Given records
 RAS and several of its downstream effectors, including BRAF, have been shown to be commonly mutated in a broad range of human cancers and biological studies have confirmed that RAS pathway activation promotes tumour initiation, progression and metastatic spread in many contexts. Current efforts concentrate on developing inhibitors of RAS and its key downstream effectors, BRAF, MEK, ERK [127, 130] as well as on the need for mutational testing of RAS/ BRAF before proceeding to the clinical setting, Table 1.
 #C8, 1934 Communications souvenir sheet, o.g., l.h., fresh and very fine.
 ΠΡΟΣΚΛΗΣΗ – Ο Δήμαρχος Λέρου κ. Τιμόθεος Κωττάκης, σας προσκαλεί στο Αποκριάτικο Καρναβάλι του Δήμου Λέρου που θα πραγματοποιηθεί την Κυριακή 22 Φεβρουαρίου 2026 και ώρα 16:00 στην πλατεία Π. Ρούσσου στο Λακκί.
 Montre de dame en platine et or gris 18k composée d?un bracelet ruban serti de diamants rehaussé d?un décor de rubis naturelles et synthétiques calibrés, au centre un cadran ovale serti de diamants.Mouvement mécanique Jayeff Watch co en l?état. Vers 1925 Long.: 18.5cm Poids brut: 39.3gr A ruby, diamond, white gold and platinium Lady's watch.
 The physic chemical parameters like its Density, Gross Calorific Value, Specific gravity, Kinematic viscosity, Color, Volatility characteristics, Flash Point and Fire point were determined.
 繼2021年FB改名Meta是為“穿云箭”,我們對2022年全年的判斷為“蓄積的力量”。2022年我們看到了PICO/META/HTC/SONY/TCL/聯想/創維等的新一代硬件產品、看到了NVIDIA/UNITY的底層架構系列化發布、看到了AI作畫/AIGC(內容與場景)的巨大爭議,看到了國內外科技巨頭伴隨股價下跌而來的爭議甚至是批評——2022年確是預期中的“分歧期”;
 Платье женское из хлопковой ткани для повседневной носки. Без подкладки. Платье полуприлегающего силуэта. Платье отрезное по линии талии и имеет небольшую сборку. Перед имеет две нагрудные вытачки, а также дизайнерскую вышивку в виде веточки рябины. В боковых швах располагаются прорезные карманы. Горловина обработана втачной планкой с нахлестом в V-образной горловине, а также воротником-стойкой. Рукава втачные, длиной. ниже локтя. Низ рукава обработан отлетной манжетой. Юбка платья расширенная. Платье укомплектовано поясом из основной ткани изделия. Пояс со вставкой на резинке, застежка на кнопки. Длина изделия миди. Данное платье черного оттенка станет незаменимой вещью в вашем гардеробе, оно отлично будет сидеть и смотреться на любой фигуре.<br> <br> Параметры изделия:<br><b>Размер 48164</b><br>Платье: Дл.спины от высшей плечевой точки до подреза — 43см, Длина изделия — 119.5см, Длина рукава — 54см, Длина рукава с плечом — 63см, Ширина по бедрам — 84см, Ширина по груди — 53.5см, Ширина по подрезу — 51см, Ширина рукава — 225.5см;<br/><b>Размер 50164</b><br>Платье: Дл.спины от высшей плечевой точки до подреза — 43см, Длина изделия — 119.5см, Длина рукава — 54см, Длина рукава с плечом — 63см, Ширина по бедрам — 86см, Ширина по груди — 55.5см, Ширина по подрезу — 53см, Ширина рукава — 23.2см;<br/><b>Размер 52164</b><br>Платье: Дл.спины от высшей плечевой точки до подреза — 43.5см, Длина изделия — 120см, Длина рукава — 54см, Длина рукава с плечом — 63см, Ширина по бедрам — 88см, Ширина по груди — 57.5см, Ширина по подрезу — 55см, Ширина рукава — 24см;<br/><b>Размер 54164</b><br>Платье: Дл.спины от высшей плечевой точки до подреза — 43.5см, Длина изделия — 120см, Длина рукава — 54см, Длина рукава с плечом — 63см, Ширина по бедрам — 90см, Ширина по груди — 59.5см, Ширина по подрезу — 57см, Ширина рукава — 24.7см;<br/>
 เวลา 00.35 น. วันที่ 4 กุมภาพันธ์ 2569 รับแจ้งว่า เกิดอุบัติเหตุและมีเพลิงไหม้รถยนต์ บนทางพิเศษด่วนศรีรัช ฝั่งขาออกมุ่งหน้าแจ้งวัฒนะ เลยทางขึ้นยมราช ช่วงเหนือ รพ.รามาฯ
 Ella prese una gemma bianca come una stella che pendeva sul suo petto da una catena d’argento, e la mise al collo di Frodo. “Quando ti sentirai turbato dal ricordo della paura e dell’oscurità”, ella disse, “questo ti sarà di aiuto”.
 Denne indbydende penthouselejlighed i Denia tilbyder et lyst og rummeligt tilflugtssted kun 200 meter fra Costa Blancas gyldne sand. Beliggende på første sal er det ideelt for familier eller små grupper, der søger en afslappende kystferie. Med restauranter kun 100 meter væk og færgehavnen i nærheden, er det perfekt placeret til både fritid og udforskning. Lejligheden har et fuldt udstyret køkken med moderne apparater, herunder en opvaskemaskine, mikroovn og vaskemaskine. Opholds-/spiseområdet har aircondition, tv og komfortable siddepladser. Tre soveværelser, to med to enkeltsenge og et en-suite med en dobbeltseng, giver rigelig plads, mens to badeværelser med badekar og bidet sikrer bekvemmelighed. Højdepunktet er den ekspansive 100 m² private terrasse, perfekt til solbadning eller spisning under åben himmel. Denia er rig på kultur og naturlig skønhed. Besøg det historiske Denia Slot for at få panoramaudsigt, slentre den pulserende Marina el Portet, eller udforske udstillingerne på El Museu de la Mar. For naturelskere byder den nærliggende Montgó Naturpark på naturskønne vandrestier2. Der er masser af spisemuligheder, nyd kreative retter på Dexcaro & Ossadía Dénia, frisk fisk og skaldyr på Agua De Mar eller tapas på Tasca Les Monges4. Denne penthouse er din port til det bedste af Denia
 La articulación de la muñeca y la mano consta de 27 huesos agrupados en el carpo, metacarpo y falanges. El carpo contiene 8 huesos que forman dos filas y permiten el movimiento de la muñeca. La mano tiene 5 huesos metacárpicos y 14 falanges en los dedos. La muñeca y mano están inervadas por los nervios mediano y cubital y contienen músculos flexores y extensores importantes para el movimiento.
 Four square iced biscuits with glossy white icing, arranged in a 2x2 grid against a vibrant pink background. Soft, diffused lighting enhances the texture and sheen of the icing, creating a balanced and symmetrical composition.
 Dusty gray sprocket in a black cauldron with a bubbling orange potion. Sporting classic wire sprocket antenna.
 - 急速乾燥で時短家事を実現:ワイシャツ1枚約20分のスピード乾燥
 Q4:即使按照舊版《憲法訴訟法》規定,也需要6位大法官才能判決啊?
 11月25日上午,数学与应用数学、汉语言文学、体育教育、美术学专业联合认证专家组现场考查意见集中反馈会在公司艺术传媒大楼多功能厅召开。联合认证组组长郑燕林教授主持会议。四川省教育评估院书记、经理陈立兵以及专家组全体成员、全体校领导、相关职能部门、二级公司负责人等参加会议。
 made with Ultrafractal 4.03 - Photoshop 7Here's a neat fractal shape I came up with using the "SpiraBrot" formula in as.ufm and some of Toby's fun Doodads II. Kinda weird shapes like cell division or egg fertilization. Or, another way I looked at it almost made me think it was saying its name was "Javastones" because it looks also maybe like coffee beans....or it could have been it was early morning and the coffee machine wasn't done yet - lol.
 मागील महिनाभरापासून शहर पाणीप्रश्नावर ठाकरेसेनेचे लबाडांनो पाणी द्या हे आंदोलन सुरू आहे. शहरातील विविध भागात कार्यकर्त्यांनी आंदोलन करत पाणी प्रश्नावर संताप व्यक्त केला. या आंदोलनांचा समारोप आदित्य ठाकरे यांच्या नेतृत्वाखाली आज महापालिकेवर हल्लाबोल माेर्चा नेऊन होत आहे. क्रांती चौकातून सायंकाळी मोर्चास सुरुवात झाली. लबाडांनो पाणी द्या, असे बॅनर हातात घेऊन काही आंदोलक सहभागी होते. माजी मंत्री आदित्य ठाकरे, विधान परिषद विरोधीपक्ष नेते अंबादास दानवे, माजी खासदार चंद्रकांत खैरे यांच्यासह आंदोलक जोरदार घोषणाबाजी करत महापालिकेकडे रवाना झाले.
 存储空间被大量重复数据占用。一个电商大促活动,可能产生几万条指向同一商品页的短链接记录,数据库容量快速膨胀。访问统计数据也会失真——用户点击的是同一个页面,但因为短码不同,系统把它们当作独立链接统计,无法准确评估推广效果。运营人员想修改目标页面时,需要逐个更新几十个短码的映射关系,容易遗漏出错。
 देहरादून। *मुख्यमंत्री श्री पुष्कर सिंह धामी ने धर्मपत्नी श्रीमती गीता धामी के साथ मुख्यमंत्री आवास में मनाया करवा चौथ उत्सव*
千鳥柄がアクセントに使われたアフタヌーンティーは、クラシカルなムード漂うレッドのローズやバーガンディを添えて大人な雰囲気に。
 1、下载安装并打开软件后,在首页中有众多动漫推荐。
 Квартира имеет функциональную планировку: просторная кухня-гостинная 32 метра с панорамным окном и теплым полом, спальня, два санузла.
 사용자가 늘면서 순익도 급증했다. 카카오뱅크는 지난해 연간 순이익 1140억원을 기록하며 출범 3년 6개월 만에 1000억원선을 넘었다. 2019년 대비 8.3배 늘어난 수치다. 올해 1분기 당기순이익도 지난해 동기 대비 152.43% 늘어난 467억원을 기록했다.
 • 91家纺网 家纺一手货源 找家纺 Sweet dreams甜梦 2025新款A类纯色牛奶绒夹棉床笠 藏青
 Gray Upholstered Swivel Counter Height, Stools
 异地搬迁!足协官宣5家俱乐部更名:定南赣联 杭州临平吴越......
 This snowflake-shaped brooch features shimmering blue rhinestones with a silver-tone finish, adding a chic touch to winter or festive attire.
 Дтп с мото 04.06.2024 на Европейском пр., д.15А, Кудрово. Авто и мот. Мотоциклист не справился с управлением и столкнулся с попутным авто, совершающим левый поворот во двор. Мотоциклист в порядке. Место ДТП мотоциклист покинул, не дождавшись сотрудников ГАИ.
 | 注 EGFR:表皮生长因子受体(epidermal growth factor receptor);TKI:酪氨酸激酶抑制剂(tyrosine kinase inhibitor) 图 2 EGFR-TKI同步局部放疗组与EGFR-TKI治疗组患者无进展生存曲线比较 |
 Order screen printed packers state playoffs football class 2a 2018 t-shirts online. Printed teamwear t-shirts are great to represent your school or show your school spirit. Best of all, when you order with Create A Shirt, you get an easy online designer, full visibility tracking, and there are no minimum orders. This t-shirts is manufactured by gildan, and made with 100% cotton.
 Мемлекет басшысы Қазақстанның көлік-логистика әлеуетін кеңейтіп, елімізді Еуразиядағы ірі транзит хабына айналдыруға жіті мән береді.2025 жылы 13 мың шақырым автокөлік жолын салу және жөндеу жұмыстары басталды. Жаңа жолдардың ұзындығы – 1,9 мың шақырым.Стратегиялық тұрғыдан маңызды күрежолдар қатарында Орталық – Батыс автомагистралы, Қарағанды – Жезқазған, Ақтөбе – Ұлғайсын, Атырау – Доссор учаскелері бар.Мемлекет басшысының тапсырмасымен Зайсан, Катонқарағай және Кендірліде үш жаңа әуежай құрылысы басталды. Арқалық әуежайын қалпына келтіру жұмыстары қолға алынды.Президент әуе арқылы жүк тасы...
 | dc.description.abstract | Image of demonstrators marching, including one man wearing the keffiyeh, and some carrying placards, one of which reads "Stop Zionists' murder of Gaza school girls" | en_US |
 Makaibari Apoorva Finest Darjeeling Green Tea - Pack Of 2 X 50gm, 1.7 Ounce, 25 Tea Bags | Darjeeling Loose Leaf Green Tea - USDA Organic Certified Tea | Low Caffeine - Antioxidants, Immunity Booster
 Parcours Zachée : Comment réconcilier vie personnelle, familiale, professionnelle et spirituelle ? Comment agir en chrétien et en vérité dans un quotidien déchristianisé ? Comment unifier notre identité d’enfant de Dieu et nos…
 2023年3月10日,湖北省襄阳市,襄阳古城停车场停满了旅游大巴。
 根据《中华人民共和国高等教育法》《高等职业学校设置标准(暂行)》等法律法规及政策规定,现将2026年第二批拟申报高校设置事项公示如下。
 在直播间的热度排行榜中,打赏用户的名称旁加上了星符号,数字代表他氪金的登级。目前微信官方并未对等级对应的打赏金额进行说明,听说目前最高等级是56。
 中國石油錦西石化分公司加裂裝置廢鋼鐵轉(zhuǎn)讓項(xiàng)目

Task requirements
Copy verbatim, from the listing above, each line from the one containing "dreams甜梦 2025新款A类纯色牛奶绒夹棉床笠 藏青" down to the one containing "This snowflake-shaped brooch", inclusive.

Response box
 • 91家纺网 家纺一手货源 找家纺 Sweet dreams甜梦 2025新款A类纯色牛奶绒夹棉床笠 藏青
 Gray Upholstered Swivel Counter Height, Stools
 异地搬迁!足协官宣5家俱乐部更名:定南赣联 杭州临平吴越......
 This snowflake-shaped brooch features shimmering blue rhinestones with a silver-tone finish, adding a chic touch to winter or festive attire.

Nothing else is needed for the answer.